I love Fairy Tales. They have a timeless quality to them that I find charming. Whenever I’m struggling for ideas for a story (or for a blog…) I tend to see myself going back to them for inspiration. So, in the simplest way possible I thought I’d break down the structure of a fairy tale, and then offer a couple of writing prompts that I’ve either done myself or thought of using.

Disclaimer: I am no expert in Fairy Tales, and you can take parts from this list out or add some in depending on the tale. There are people way smarter than me who’ve written about this and you should check them out, but here are the basics:

Common Fairy Tale Structure:

1a. The Protagonist is given a task to complete.

1b. The Protagonist is in a bad situation out of their control.

2.The protagonist is told not to go somewhere, goes there anyway. In the case of 1a they meet the antagonist because of this, in case of 1b the antagonist is the one who told them to do it in the first place.

3. The Antagonist uses some means of deception to trick the hero into a bad / worse situation.

4. Some form of outside assistance aids the Protagonist.

5. The Protagonist gets to their goal, whatever that may be.

6 . The Protagonist and Antagonist clash, either physically, mentally or with words.

7. The Antagonist is defeated.

8. Happily Ever After

Additional Common Elements:

Magic of some kind or another

Talking or Anthropomorphic animals

A guardian, of some sort.


Class struggles (usually with the poor beating the rich or the poor becoming rich.)

Physical representations of human virtue or vice

Child protagonist vs. Adult Antagonist


Using these elements combined with the common structure, you can write your own fairy tale. But here are some additional prompts to jump start the process or shake things up a bit.

Writing Prompt #1: Mix It Up

To create something new and different, play around with a rigid structure like a fairy tale. I find that if you just change the anticipated order of events  around, even a little bit, it has a significant impact on the flow of the story. It’s challenging but the final work should be interesting, and entertaining to read.  

Writing Prompt #2: Villain’s Perspective

Done in movies like Mirror Mirror, but write your fairy tale again. This time from the antagonist’s perspective. There is an old saying that goes “Every villain is the hero in their mind.” So writing the story from their perspective will help you create a rounded, interesting and perhaps even sympathetic antagonist when you’re ready to revise your piece.

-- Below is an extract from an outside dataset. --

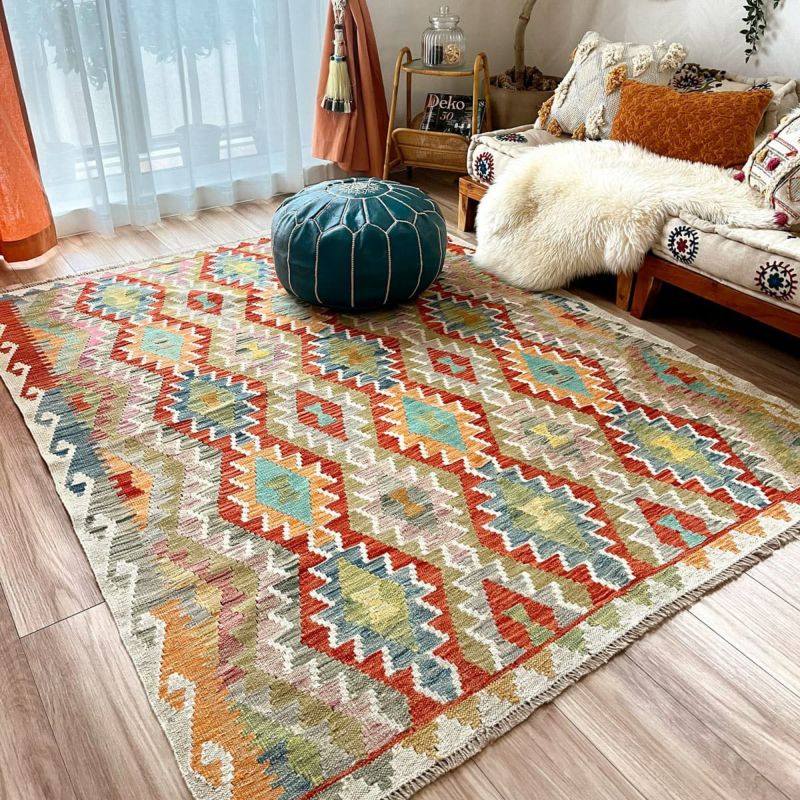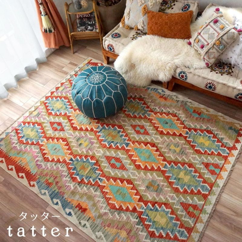 キリムは薄くて軽量なので、女性一人でも扱いやすいラグです。
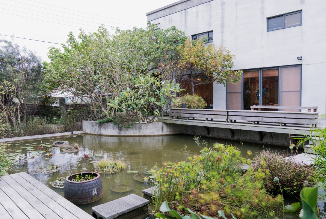 這家店,沒有醒目招牌,低調的入門處,以為是私宅,其實別有洞天,打開大門緩步入內,先是被綠意包圍,接著看到造景水池,在這,少了城市的車流喧囂,很靜謐也很別緻,彷彿走進另一個秘密花園,美好旅程就此展開。

Writing Prompt #3: The Shape of Your Story  

I read an interesting article a few years ago, plotting out some of the most well-known types of stories and graphing them based on the characters level of happiness at the time. There were some fascinating results. So this prompt is inspired by that. Take a piece of writing you’ve done, and graph the mood of the main character like you would a math problem. The X-axis being time, and the Y-axis being the character. If the character is happy, good or in a beneficial situation the graph goes up. If the character is unhappy, bad or in a detrimental situation, then the graph goes down. In the end, take a look at the shape. Does it have hills and valleys? A sharp increase or decrease? Visualizing might prove useful for future revision.

Meet the blogger:
CODY ROGERS is a fiction writer, gamer, anime fan and an overall “nerd” personified. He graduated with an AFA in creative writing from Normandale Community College and obtained his BFA from Hamline University. His dream is to team up with an artist and write graphic novels.